Using their knowledge of the specification, users analyze the coverage holes and identify if the hole is the result of an error in the RTL code, a missing test case, or a specification problem. If it is a missing test case they then change the settings of their focused test generator to target and fill in these coverage holes. If it is too difficult to focus the test generation on these holes then users will mix in a directed test to fill the hole. The goal here is to ensure that the entire design has been covered before spending too much time looking for system-level interactions.

Companies that have adopt this methodology with their logic simulation-based test have generally found the following:

  • There are verification holes that are as much as 25% to 30% of the design.
  • There is a significant drop in the number and rate of bugs found as they approach 100% statement and branch coverage.
  • There are critical bugs found that they believe that they would not have found without using coverage.

Hardware/Software Co-Verification

HW/SW co-verification is another valuable application that is used with simulation acceleration and emulation. Co-verification allows embedded system diagnostics and firmware to be verified by running at very high speeds. Coverage is helpful in all co-verification applications, but it provides the greatest benefit when it is used to help verify system diagnostic software. Today's SoC projects typically develop a comprehensive suite of diagnostic tests that attempts to identify all hardware design and specification errors.

When developing and verifying system diagnostics the goal is to be able to verify that specific areas of the design are operational. Companies are finding coverage can be an integral part of the system diagnostic verification process because it helps the users to know if they tested what they expected to test, and if there are any holes in their system diagnostics. Coverage metrics are key in establishing confidence in the correctness and completeness of the system diagnostic software. The combination of VNCover with Xpert for ARM Microprocessors provides an ideal combination to develop, debug, and measure the quality of diagnostics.

Figure 6

When companies use coverage with operational software verification they may find that:

  • By seeing what parts of the design the software used they are able to reduce debug time when complex hardware software interactions occur.
  • There is unused or "extra" hardware that may contain bugs.

Summary

This paper has described how TransEDA's VNCover can be used with Axis verification systems.

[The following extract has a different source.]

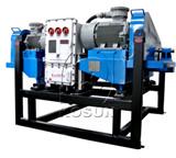kosun dc series decanter centrifuge is used in separating suspension of solids phase with particle diameter(d≥2μm) for drilling mud and fluids handling. Ruggedly built for oilfield and industrial services, it is especially effective in environmentally sensitive areas. It delivers high fluid-recovery rates and efficient solids control to significantly reduce the costs of makeup fluids and disposal. The centrifuge must test the dynamic balance for smooth operation over long periods.speed ranging from 0 to 3900 rpm, generating centrifugal forces reach up to 3000g.

  • To measure simulation or verification completeness.
  • To assist in creation of acceleration and emulation tests.
  • To prioritize tests for regression testing.

This is becoming even more critical as companies use acceleration and emulation systems to speed their verification process.

Figure 7

The methodologies that are typically used with accelerators and emulators, focused test generation and hardware/software co-verification do not have any feedback mechanism to help improve productivity. Coverage provides this feedback, enabling the user to increase their verification performance and productivity.